Слог Королева в целом тягостно манерен, что по-ученому можно назвать «маньеризмом»: «… вечер в алом платье заката бродит среди красно-снежных стволов. Сквозь светлый мрак проступают живописные очертания куртин, сияющий глаз соловья. Ветерок морщит поверхность парчовой воды, гонит по небу позолоченную метель (облака)»;[310] «Ее лицо сейчас – цветущий куст дикой розы, внутри которого тайно зажжена ночная свеча», – или «эвфуизмом»: «желтый язык горчицы, отвисший, как блевотина, смыслом». Он с тем же однообразным упорством, с каким Толстая прибегает к своим «али» и «наемшись», нажимает на «поэтически» звучащую номенклатуру: «щекотка вьюнка, аромат розмарина, дух мяты с душицей», «журчание славки, речитатив теньковки, стаккато малиновки» – с лексической яркой окраской от собственных этих имен, как сказал лирик (ну, не от собственных, так нарицающих с должной вычурой). Такое письмо, в сущности, механистично.
Юзефович перемежает безупречные «монгольские» эпизоды с собственно детективной фабулой, и не было б в том греха, когда бы не груды балласта, не игриво-пошлые сценки между сыщиком Иваном Дмитриевичем и его благоверной, занимающие необъяснимо много места и сигнализирующие о том, что письмо автора способно взлетать только в границах специфически освоенного им материала, а в остальном не смущается своей третьеразрядностью.
Шишкин спокойно доверяется компьютеру, позволяющему составлять центоны, инсталляции на много страниц без абзацев.
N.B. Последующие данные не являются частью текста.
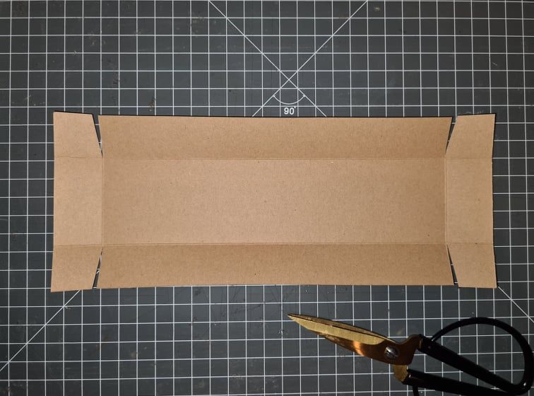 Falte nun die Falzkanten genau und streiche sie kräftig, damit sie eine schöne Kante ergeben. Schneide an den Enden die Falzkanten ein, damit du die Ecken einfalten und kleben kannst. Achte darauf, dass du die Kante, welche eingeklappt wird, etwas schräg anschneidest, damit diese nicht innen anstößt und oben übersteht.
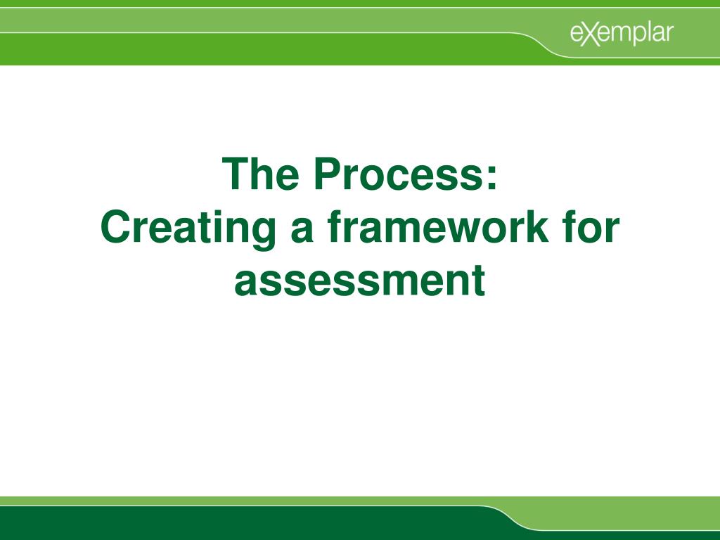Application stage – download via web • Initial interview – scope and strategic overview • Panel Approval • Data capture process: • What does an eXemplar consider? • A framework for assessment • What makes a project exemplary • Analysis and reporting • Case study • Dissemination

Но не чурается и словесных игр, невместимых в его имидж стилиста: даму, больную раком, у него насилуют, ставя раком («Мужайся и ты, читатель!» – как упреждает в подобных случаях Анатолий Королев). Впрочем, это уже по ведомству не слога, а этики…
Вывод, быть может, не до конца доказуем, но прост. Перед нами образцы письма, прибегающего к не очень сложным, достаточно автоматизированным (и не всегда самостоятельно найденным) приемам, но вполне успешно симулирующего мастерство и даже совершенство. Талантливые перья, ушедшие от устарело-строгих художественных обязательств в сторону блистательного кича.
Метод. Но пора все эти разномастные произведения новейшей прозы потихоньку подводить под общий содержательный знаменатель.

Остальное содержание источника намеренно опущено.